I'm not getting into a Cesar debate but my understanding is that his theories on dominance which underpin a lot of his philosophy are not widely supported.

E.g. If a dog goes into the house before you is because they want to get in the house not because they think they are better than you! 

As with anybody else's opinion - you pay your penny and take your choice.


----------



## Ozkar

*Re: Re: Dog Whisperer full episondes*



kiki said:


> Just curious - what techniques does Cesar use that would be detrimental to V's? I've watched a few episodes and am reading his book currently. I tried the "leader of the pack" walking technique today where I gave a short tug on his leash when he tried to get ahead of me, then I stopped if that didn't work. Our walk went much better than usual.


CM has some great stuff, however some of his techniques are too harsh and too physical to use on a Vizsla. Watch his series, then come ask specific questions if you want. Not criticising him, just suggesting that you pick and choose from his methods.


----------



## datacan

Specifically, pinning the dog to the ground is a truly barbaric move. Equivalent to a violent beating on a mental level. 

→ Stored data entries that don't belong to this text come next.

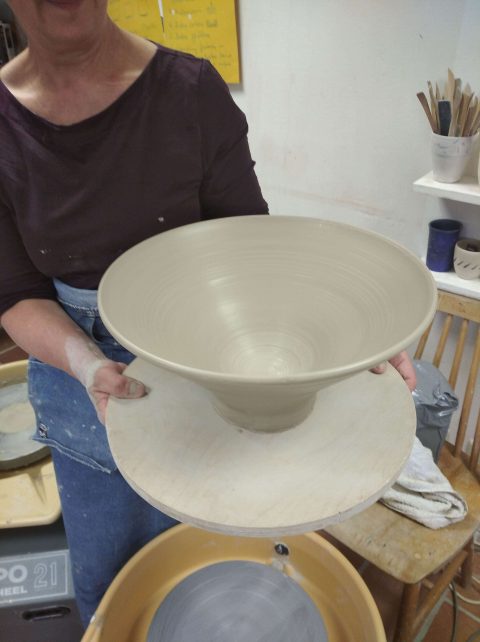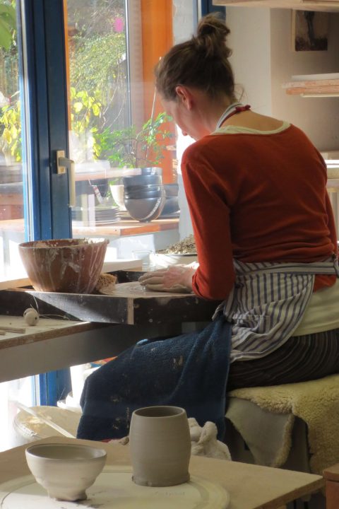 Wer noch nie auf der Töpferscheibe gedreht hat, muss erst mal das Zentrieren lernen. Was ist das denn, Zentrieren? Hierbei müssen wir den Ton zum ruhigen Laufen bringen, erst dann können wir ihn formen wie wir möchten. Auch die Wandung Formen will geübt werden. Viele verwenden im Zusammenhang mit der Wandung und dem Gestalten des Topfes den Begriff „ziehen“. Ich persönlich verzichte auf dieses Wort komplet in meinem Unterricht – er irritiert, denn wir dürfen nicht ziehen wir arbeiten mit Hilfe der Rotationskraft und Druck. Das alles erkläre ich im Unterricht genauer 😉 und läßt sich durch die Praxis auch gut verstehen! Da es sich um einen kompexen Lernprozess handelt, gebe ich als kleinste Einheit einen zwei Tageskurs mit zusätzlichem Abdrehtermin. So ist auch am Sonntag nochmal Zeit das Drehen zu üben und zu vertiefen.
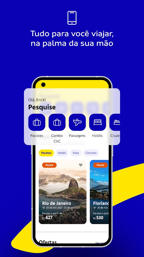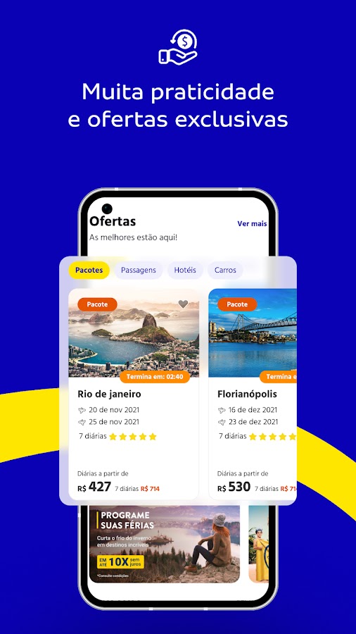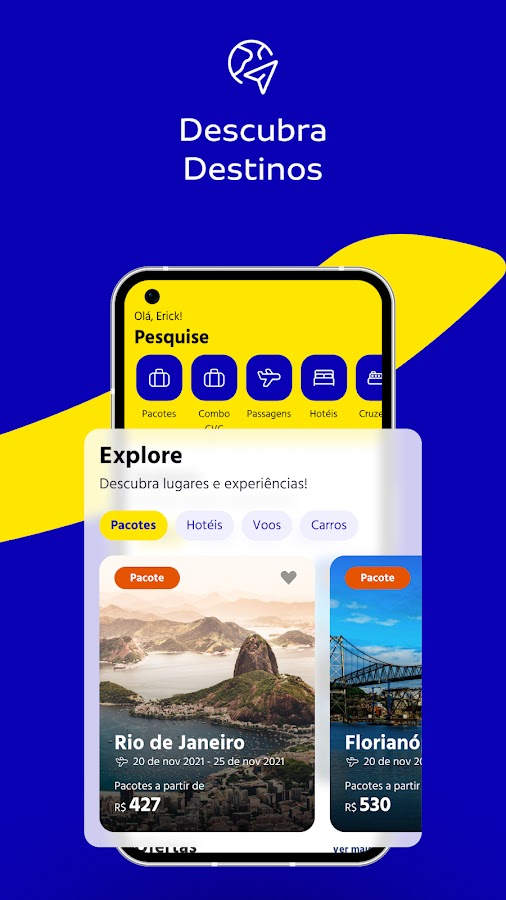 В приложении CVC вы найдете туристические предложения и авиабилеты туда и обратно по выгодным ценам, чтобы вы могли наслаждаться поездками и турами, экономя при этом деньги! Здесь у нас есть международные туристические пакеты, международные билеты, а также дешевые варианты путешествий по Бразилии!
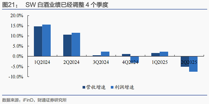 从SW白酒板块业绩看,3Q2024板块开始明显降速,4Q2024板块利润近年首次同比下滑,2Q2025板块收入及利润分别同比下滑5.1%、下滑7.5%,预计3Q2025依然处于下滑状态。从调整节奏上看,2013年三公消费限制后行业调整从1Q2013开始至4Q2014历时8个季度;本次从3Q2024开始调整,已经历时5个季度,本轮调整我们预计行业将于2Q2026前后触底。从调整的程度看,由于本轮主要是商务需求的缓慢回落,所以白酒板块收入和利润的调整幅度将明显小于2013-2014年。
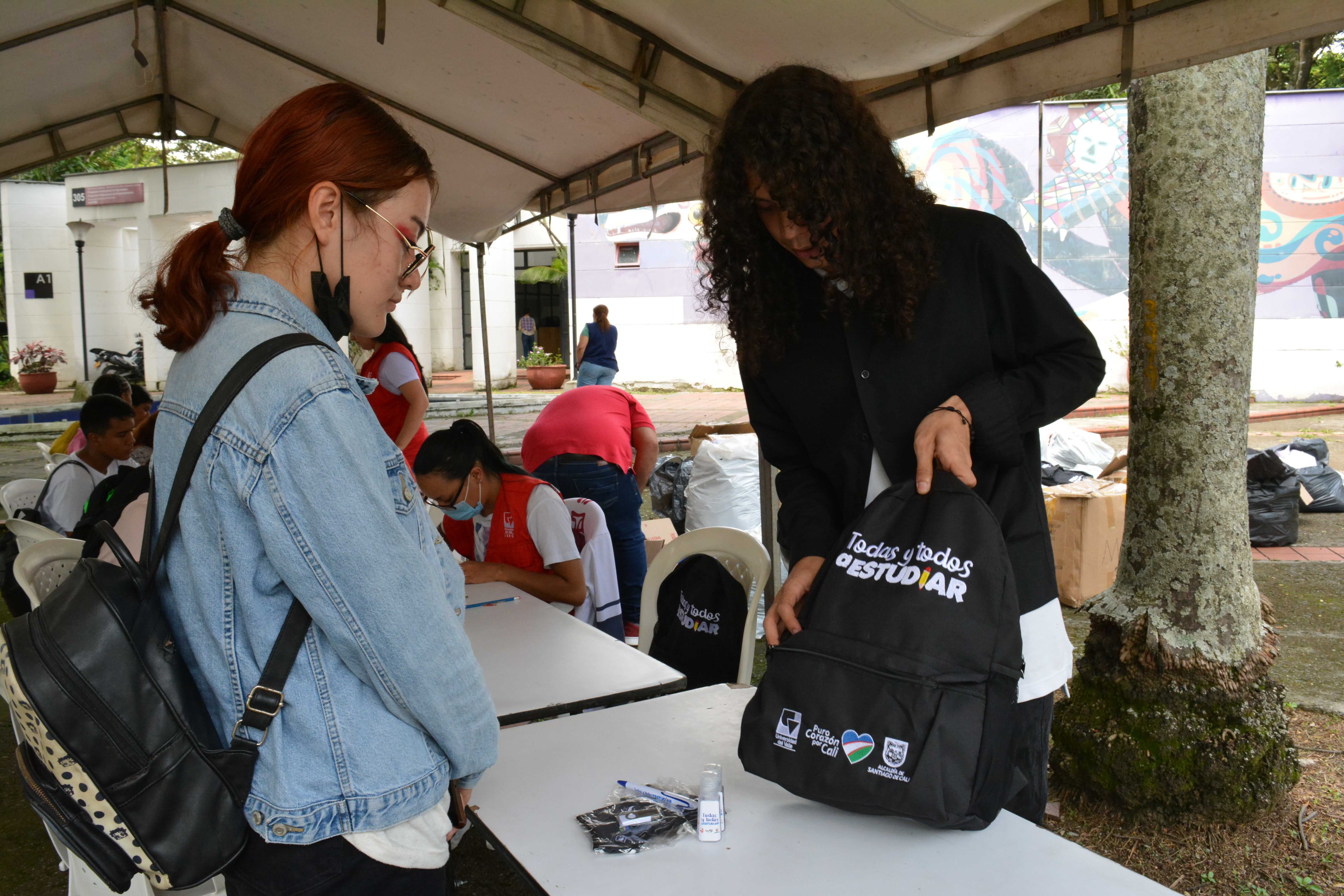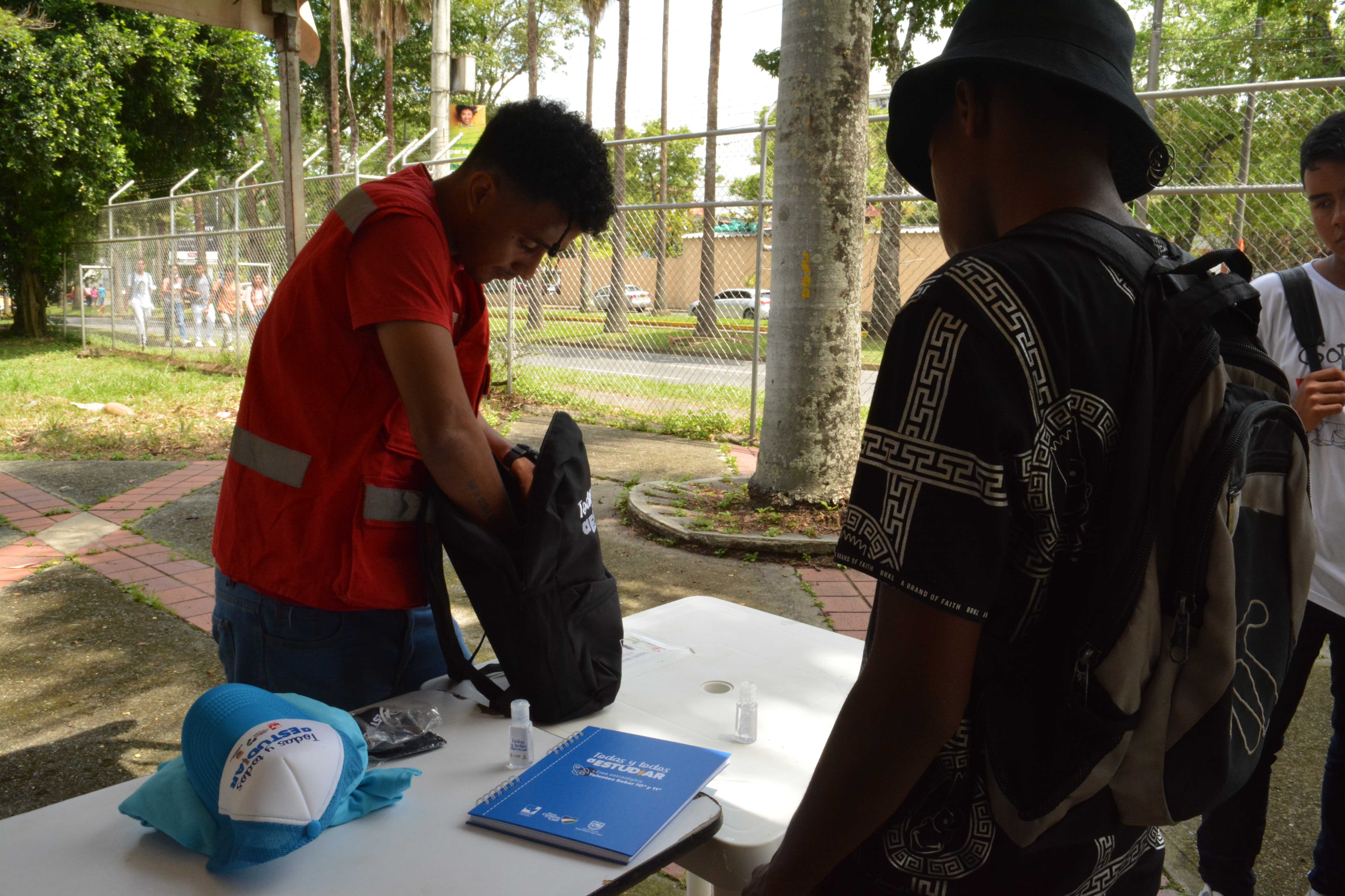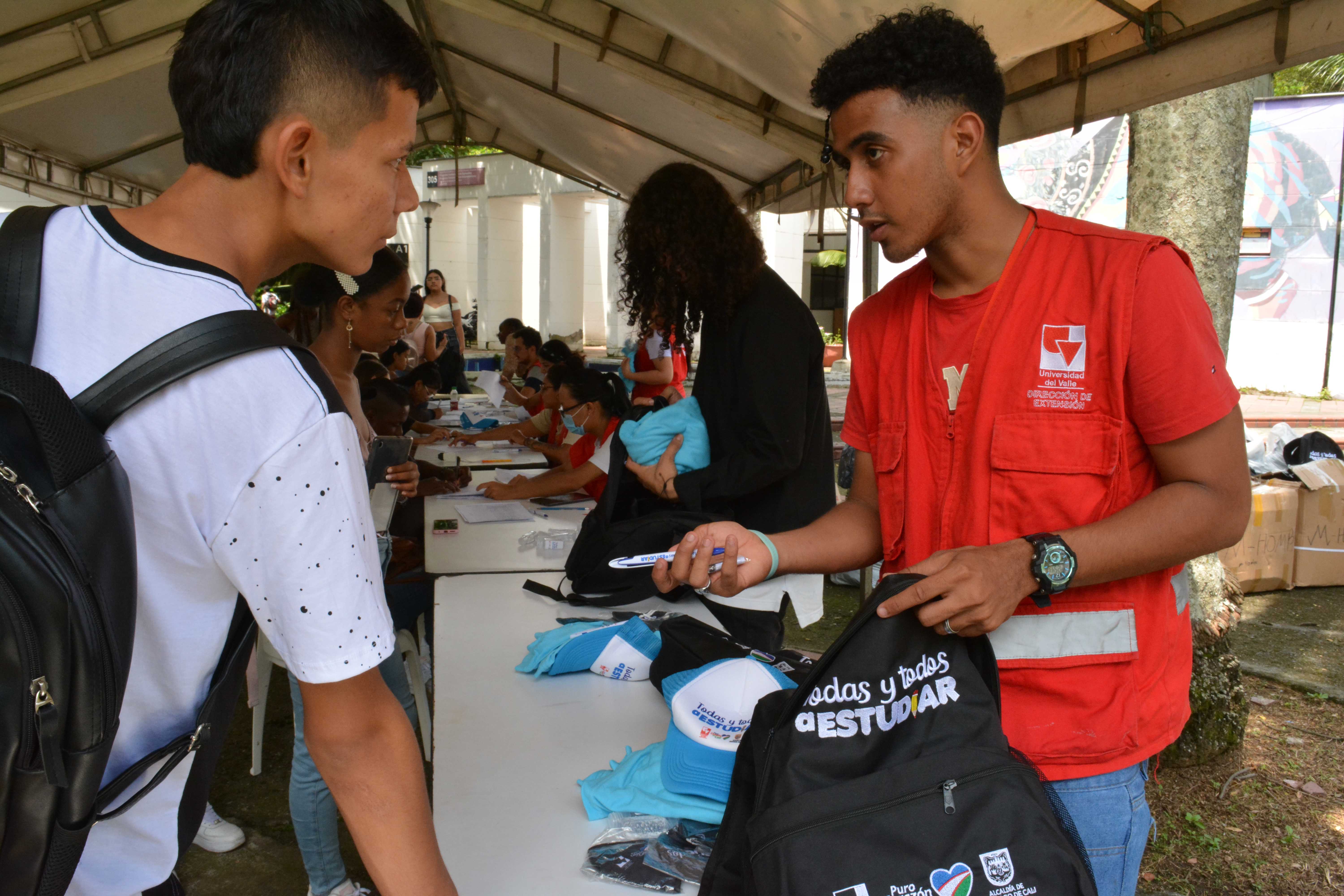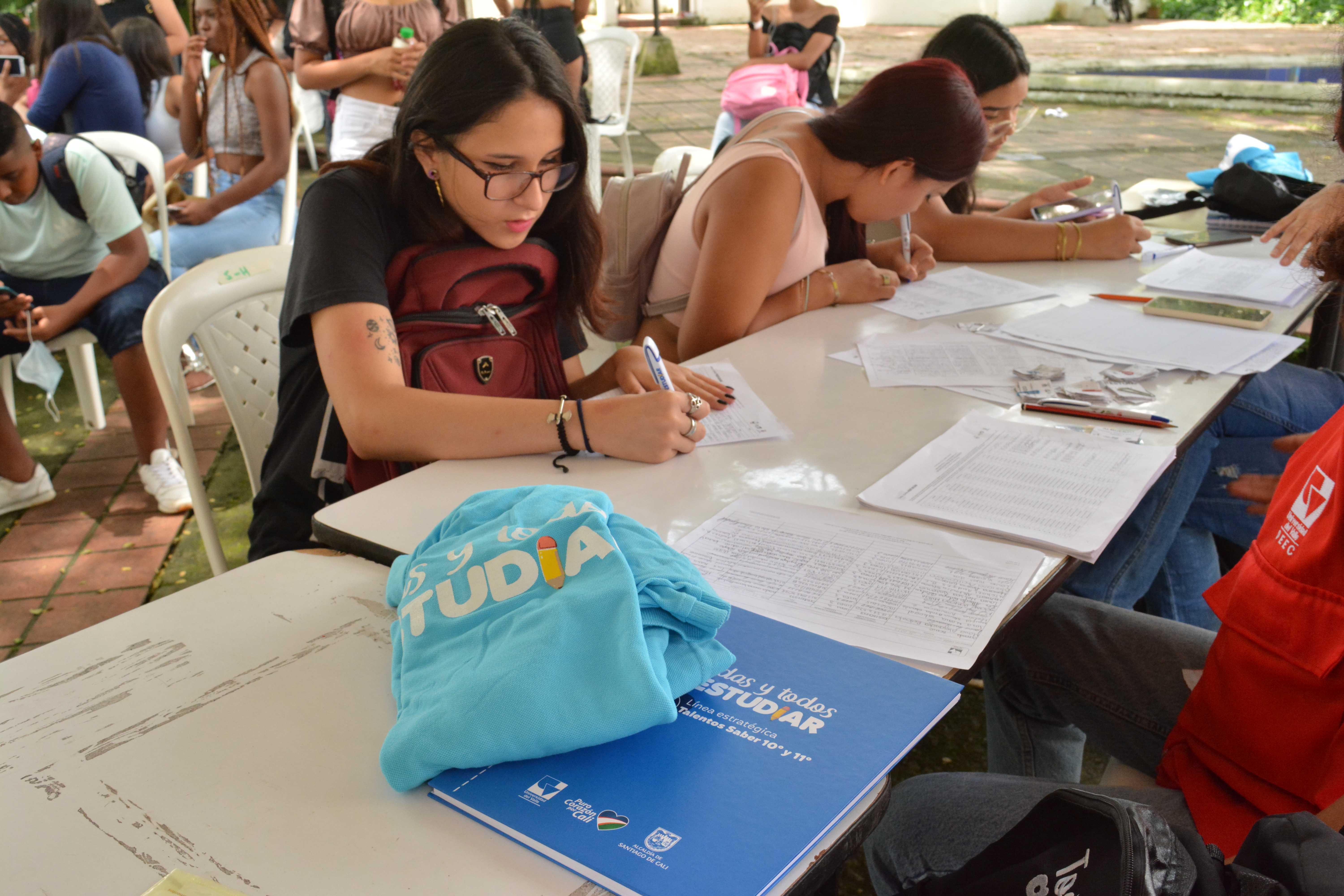 Los beneficiarios de la línea 3: Talentos Saber 10º y 11º, previo a la presentación del simulacro de las Pruebas Saber 11º, reclamando el kit pedagógico en el edificio Ágora de la Universidad del Valle, Meléndez.

Tapping the dog's hind leg while walking results in nothing more than the dog anticipating the next tap. 

Dragging the dog wearing a flat collar across various surfaces results in a dog weary of the owner's violent tendencies. 

I did like the way the man handled stronger dogs because if he kicked, tapped or dragged .... The dog would swiftly end his career.


----------



## texasred

I like CM but agree there is no cookie cutter rule that applies to every dog. What he does best is teach how to read a dogs body language.

Tapping the dog's hind leg while walking results in nothing more than the dog anticipating the next tap. 
Your right the dog will quickly figure out why it happens.


----------



## kiki

Thanks for the input. I'll be sure to stick to only the techniques that are calm and respectful of my wonderful Odie!


----------



## NeverGiveUpRAC

One thing people SHOULD be learning from him and his methods is that EVERY dog is different. You don't need to be "harsh" or "physical" with every dog. Luke someone else pointed out, he teaches how to read a dog and his body language and teaches very specific ways to respond. Not everyone should be using the techniques because people may do them wrong. He is always reminding people of that. He is a professional who has been working with dogs a LONG time on an intense level. We have pets...so we need to keep in mind that our dogs need only a sliver of his methods, especially since most of our pets are NOT troubled, "red zone" animals, etc.

What everyone should be taking away from his show is there are always ways to learn from your dog. There are always ways you can fix a dog, no matter what the problem. Never give up on your dog, no matter how badly it gets. There are ways to help every animal. Most people are misunderstanding their dog and adding to the problem because of it. We need to be more in tune with what our dog needs and wants and is telling us by their behavior. THAT is the basis of everything that CM teaches. I believe every pet owner should live and love and think that way. Just my small opinion.


----------



## datacan

http://m.youtube.com/watch?feature=plpp&v=MruACkeJ8dI

This one is good, like what he does but it takes a super unsocialized powerful dog + gentle but clueless owner for it to work. 

Never knew that if my dog is leaning on me, it is really planing to occupy my space  
See, that is something stupid, I just disregard with a Vizsla. CM, on the other hand would roll the dog in no time.


----------



## Ozkar

*Re: Re: Dog Whisperer full episondes*



datacan said:


> http://m.youtube.com/watch?feature=plpp&v=MruACkeJ8dI
> 
> This one is good, like what he does but it takes a super unsocialized powerful dog + gentle but clueless owner for it to work.
> 
> Never knew that if my dog is leaning on me, it is really planing to occupy my space
> See, that is something stupid, I just disregard with a Vizsla. CM, on the other hand would roll the dog in no time.


Yeah agreed. Realistically, he's dangerous. Owners who are uneducated or ignorant of dog behaviour and training, watch his episodes and then extol it as gospel. I get people suggesting to try loads of stupid things and sure enough when I ask where they got that from it usually from CM. That's where I have issues with his stuff. We have enough understanding to pick and choose what we do and don't use from his methods. The owners without true knowledge can't always determine what's appropriate. It's why I often warn people in here......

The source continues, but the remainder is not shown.